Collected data
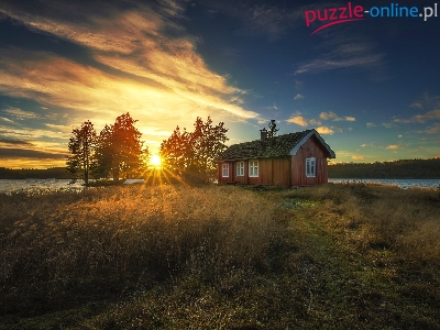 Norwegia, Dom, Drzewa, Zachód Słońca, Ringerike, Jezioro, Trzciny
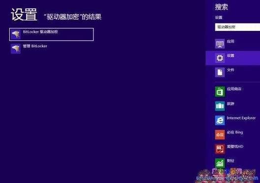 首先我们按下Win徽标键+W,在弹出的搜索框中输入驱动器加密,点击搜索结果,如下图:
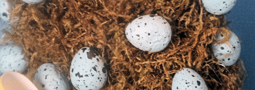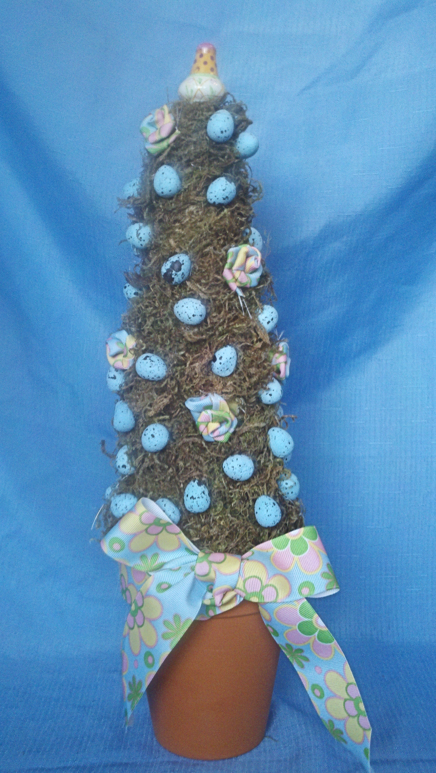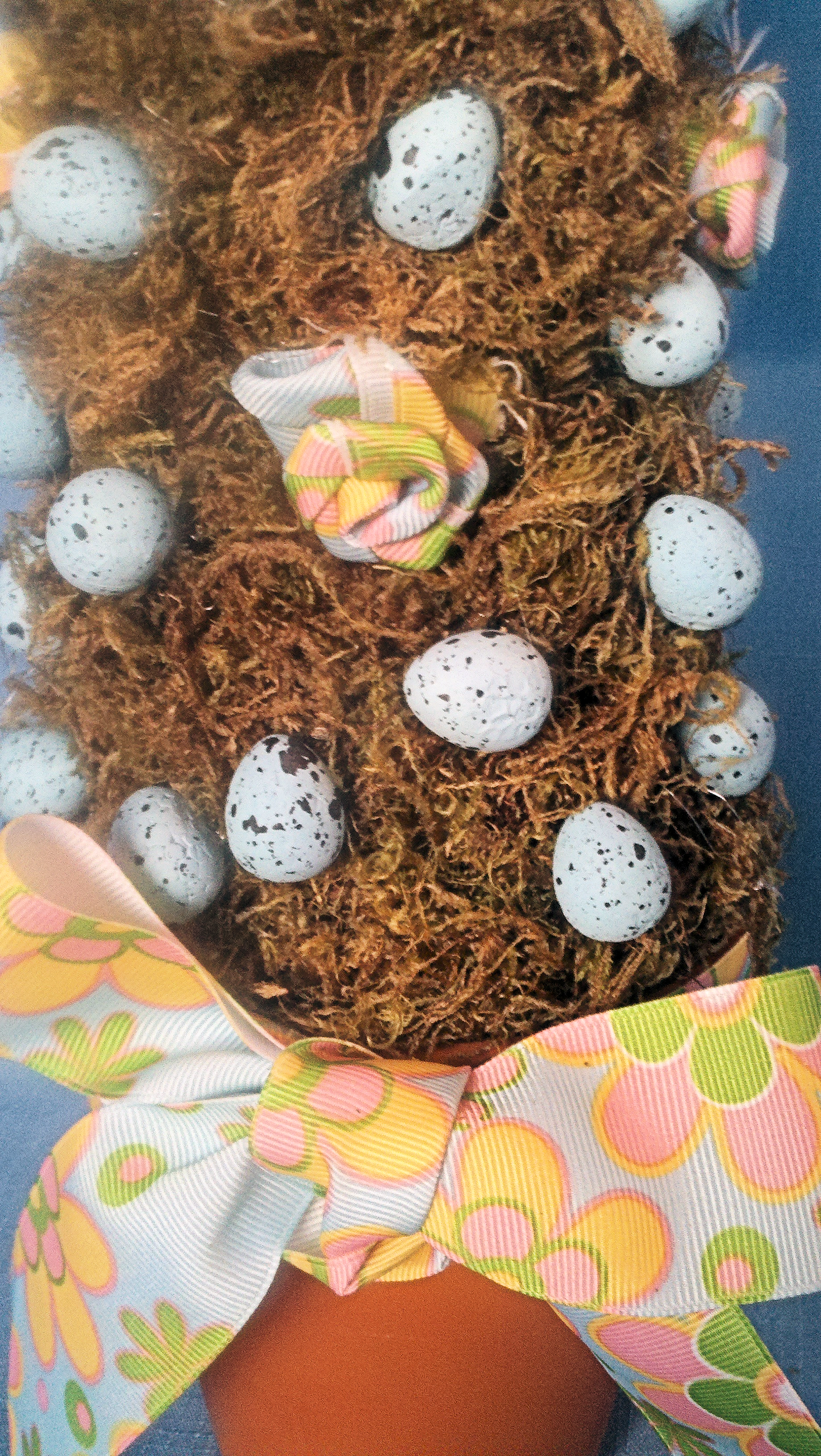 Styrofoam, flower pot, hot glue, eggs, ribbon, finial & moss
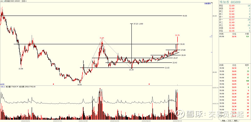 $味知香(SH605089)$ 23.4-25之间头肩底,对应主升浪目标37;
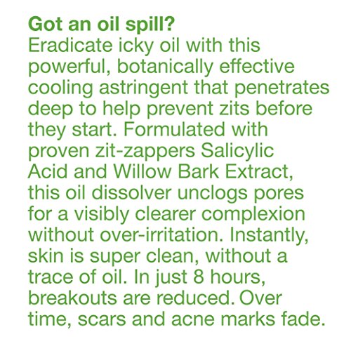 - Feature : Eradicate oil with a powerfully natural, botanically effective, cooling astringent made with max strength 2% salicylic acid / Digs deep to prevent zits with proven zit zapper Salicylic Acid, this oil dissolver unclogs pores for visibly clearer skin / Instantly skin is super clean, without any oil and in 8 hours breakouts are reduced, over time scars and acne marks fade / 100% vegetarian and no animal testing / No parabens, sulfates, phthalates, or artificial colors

What the task asks – Please give every line above again word for word, apart from the pictures.

Answer to the problem –
 Norwegia, Dom, Drzewa, Zachód Słońca, Ringerike, Jezioro, Trzciny
 首先我们按下Win徽标键+W,在弹出的搜索框中输入驱动器加密,点击搜索结果,如下图:
 Styrofoam, flower pot, hot glue, eggs, ribbon, finial & moss
 $味知香(SH605089)$ 23.4-25之间头肩底,对应主升浪目标37;
 - Feature : Eradicate oil with a powerfully natural, botanically effective, cooling astringent made with max strength 2% salicylic acid / Digs deep to prevent zits with proven zit zapper Salicylic Acid, this oil dissolver unclogs pores for visibly clearer skin / Instantly skin is super clean, without any oil and in 8 hours breakouts are reduced, over time scars and acne marks fade / 100% vegetarian and no animal testing / No parabens, sulfates, phthalates, or artificial colors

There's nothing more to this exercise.